The police observed Dowler’s residence and witnessed Dowler’s leaving the residence within a
short time in a vehicle matching the description and direction given by the confidential
informant. The police verified that Dowler was transporting a case, distinct from the identifiable
music cases. Although the case was black instead of silver, the informant did not report that
Dowler always used a silver case, only that he normally did so. Significantly, the informant
reported that Dowler transported the necessary equipment with him to the site where he
manufactured methamphetamine.
{¶27} The majority concludes that the confidential informant was not a reliable source
of information because the informant had no prior relationship with the police and because the
informant’s own criminal conduct provided a bad motive for providing the information. I agree
that the informant’s tip, standing alone, was not sufficient to give rise to reasonable suspicion of
criminal activity. I would conclude, however, that the police took the necessary means to
corroborate the tip, observing Dowler leave his residence within the appointed time frame in a
vehicle as described and driven by another person. The police observed Dowler leaving with a
case capable of containing equipment necessary for the production of methamphetamine. I
would not conclude that the confidential informant’s prior criminal involvement necessarily
rendered the informant an unreliable source. In fact, a bad motive on the informant’s part, for 12
example to harass Dowler if he and the informant had had a falling out, just as readily serves to
bolster the reliability of the information.
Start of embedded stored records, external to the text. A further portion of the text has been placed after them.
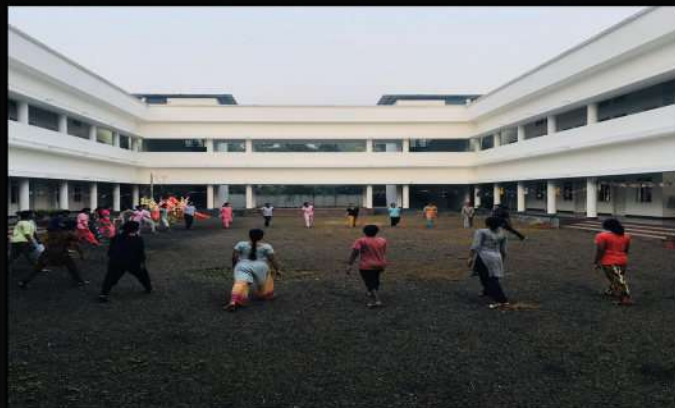
Early morning warm up sessions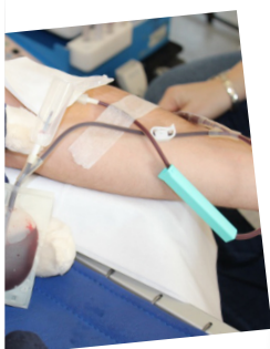
et les gestes qui sauvent Cent Français du Sang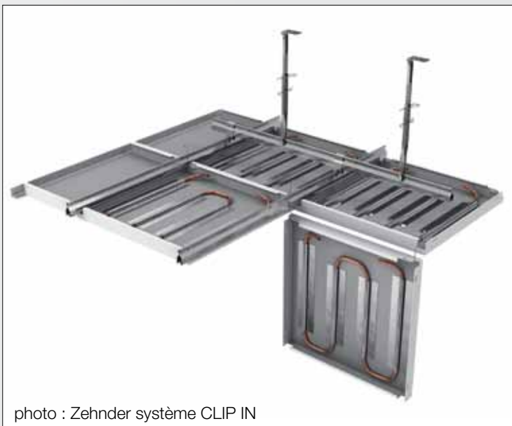
photo : Zehnder système CLIP IN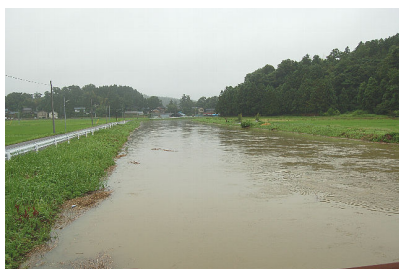
増水した新島崎川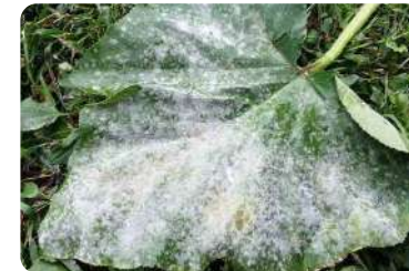
ภาพแสดงลักษณะโรคราแป้ง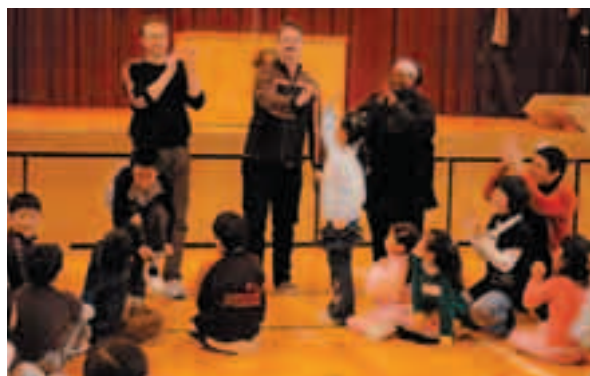
遊びをとおして 自然と英語を覚えます

2月2日、入間川小学校で小学生英語フェスティバルが開催され、小学生による英語の歌や英語劇、ゲストの中学生のスピーチがありました。ALTの外国人の先生から、ゲーム遊びなどで、参加した約130名の小学生は英語に楽しく触れることができました。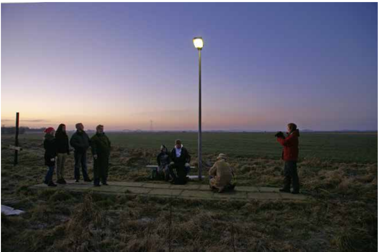
På det populære Fortov eller stoppestedet under gadelampen, hvor mange gode diskussioner og møder har udspillet sig mens vi venter på ...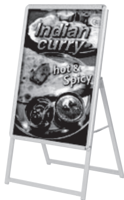
A1 片面 シルバー

※ RENEWAL が付いたモデルのみとなります。それ以外は従来通りのデザインとなります。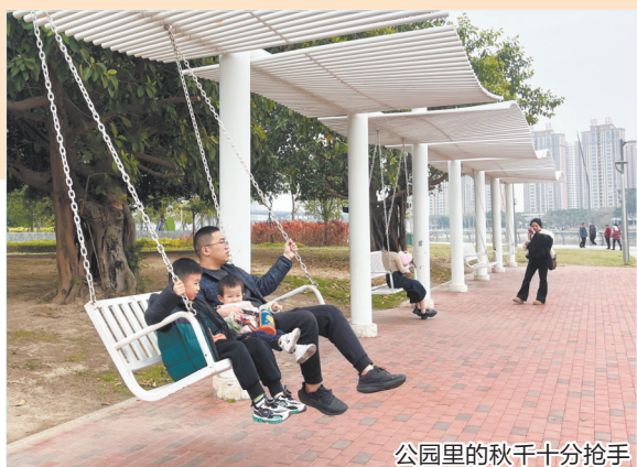
公园里的秋千十分抢手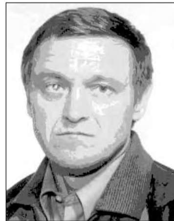
«Вот уже 3 месяца, как от папы нет известий!»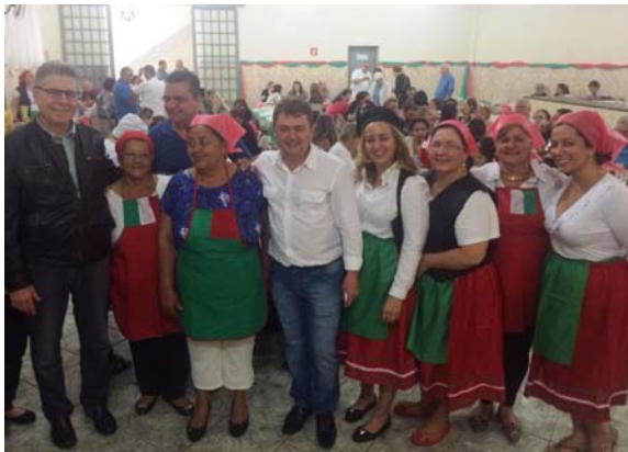
Sempre parceiro do almoço beneficente na Paróquia Nossa Senhora Aparecida, na Vila Piauí.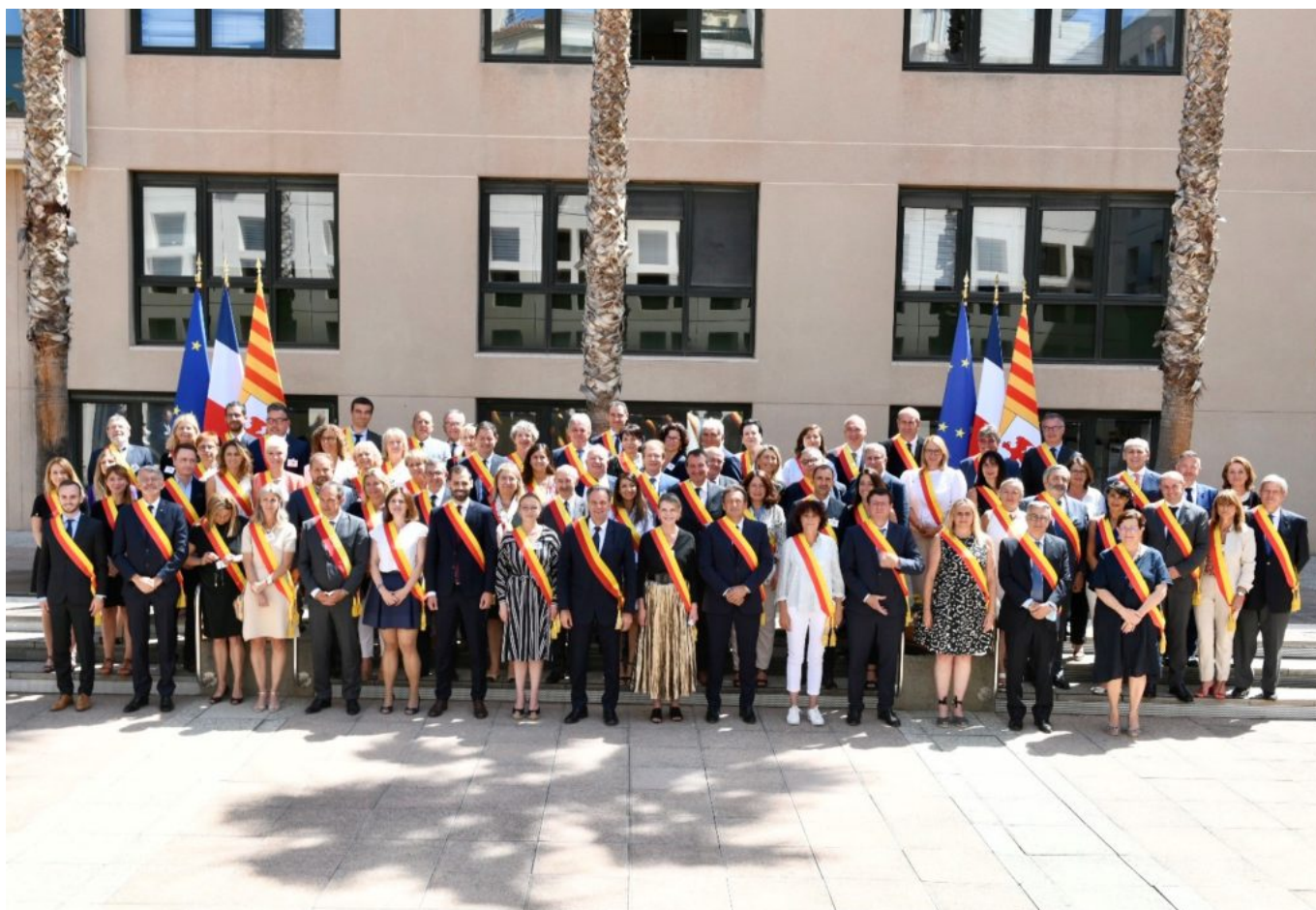
L'ensemble des conseillers régionaux.

A plus long terme, le plan climat est réaffirmé autour de deux objectifs principaux : être la première région 'neutre en carbone' et autonome pour la gestion des déchets en 2030.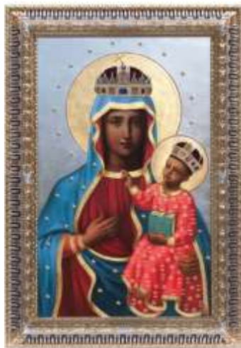
A 2011-ben restaurált - a Szent Korona minden részletének hű, értékes másával megkoronázott

A kegykép előtt történt első csodát, egy haldokló pálos szerzetes hirtelen gyógyulását, 1739-ben jegyezték föl, ennek híre bejárta a környéket, és a zarándokok száma évről-évre növekedett. A kegykép népszerűségét bizonyítják a különböző fogadalmi jegyek, amelyeket a zarándokok ajánlottak és ajánlanak föl hálából, valamint az ünnepélyes megkoronázás, amely először 1749. augusztus 31-én történt.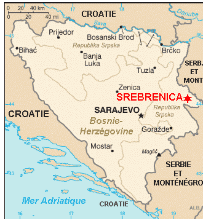
1. ábra: Bosznia-Hercegovina entitásai Dayton után

nagyjából négy millió lakossal és öt hatósági szinttel rendelkezik.” (saját fordítás) (Európai Bizottság, 2021)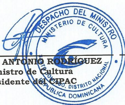
SR. JOSÉ ANTONIO RODRÍGUEZ Ministro de Cultura Presidente del CIPAC

Dada en la ciudad de Santo Domingo de Guzmán, Distrito Nacional, capital de la República Dominicana, a los dieciséis (16) días del mes de diciembre del año dos mil catorce (2014).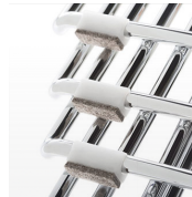
Tacos fieltro remachados / KB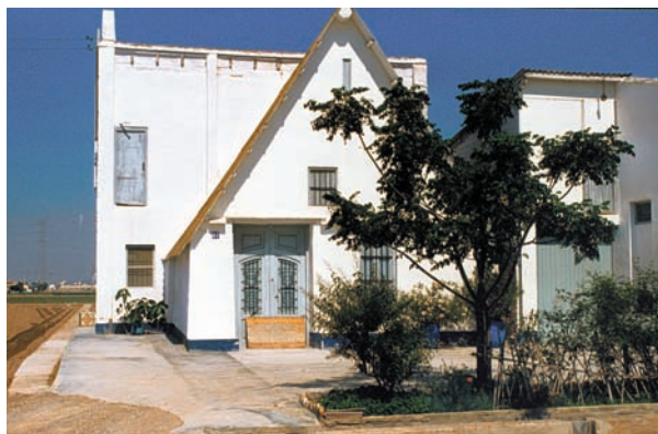
Barraca del Roto. Partida del Miracle, Alboraià. A vora barranc del Carraixet, és una mitja barraca que no està habitada tot l'any.

És així com la ciutat de València, al nord, ja ha arruïnat pràcticament la totalitat de barraques, excepte les que, residualment, pugua haver-hi al Marítim o al Cabanyal, formant part d'una altra construcció. Al sud de la ciutat, a la Punta, hi ha nombroses barraques, però l'espai de l'horta sembla acabar-se més ràpid que al nord. Si no ara, aviat. El trasllat del parc central, les obres de la ZAL, la ronda sud de València completaran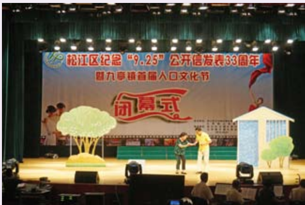
▲ 9月24日，松江区举行纪念“9.25”暨九亭镇首届人口文化节活动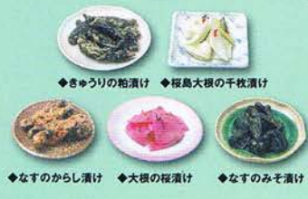
◆きゃうりの粕漬 ◆桜島大根の千枚漬 ◆なすのからし漬 ◆大根の板漬 ◆なすのみそ漬

素朴な田舎の本物の味。土づくりからはじめたこだわりの野菜を使用。自然の持ち味を生かした本物の味をぜひ、ご賞味ください。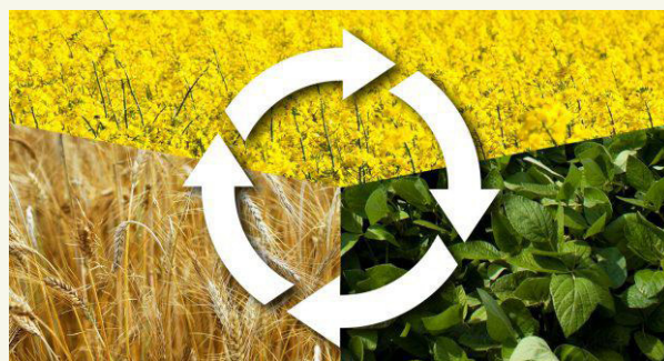
Imagem 1: Esquema de rotação de culturas. Culturas das diferentes famílias botânicas são cultivadas alternadamente.

A cada ano, é um desafio produzir culturas na quantidade necessária para garantir a rentabilidade da exploração, mantendo, ao mesmo tempo, a qualidade do solo para uma produtividade a longo prazo. Outro desafio é prevenir pragas e doenças específicas, sem promover outras pragas ou doenças ao planear a sequência de plantas hospedeiras e não hospedeiras. Nos parágrafos seguintes, aprenderá como o fazer, com exemplos de boas rotações de culturas.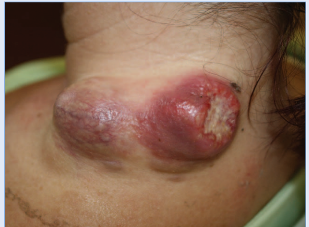
Slika 2. U V. regiji lijeve strane vrata nalaze se dvije okrugle tvorbe pojedinačne veličine oko 3 cm u promjeru, tvrđe konzistencije, nefiksirane za podlogu, bezbolne na palpaciju, prekrivene hiperemičnom kožom. Stražnja tvorba djelomično je egzulcerirana.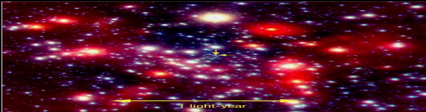
The Centre of the Milky Way (VLT YEPUN + NACO)

{¶28} Under the totality of the circumstances of this case, I would conclude that the
police had reasonable suspicion to stop the vehicle under the belief that Dowler was engaged in
criminal activity. While the information provided by the never-before-utilized confidential
informant by itself would not have given rise to reasonable suspicion, the observations by the
police served as adequate corroboration. That the case containing the equipment necessary to
manufacture methamphetamine was black instead of silver does not compel me to conclude that
the remaining information and observations did not give rise to reasonable suspicion sufficient to
justify the investigative stop. Accordingly, I would sustain the State’s assignment of error and
reverse the trial court’s judgment.
APPEARANCES:
DEAN HOLMAN, Prosecuting Attorney, and MICHAEL P. MCNAMARA, Assistant Prosecuting Attorney, for Appellant.
KEVIN W. DUNN, Attorney at Law, for Appellee.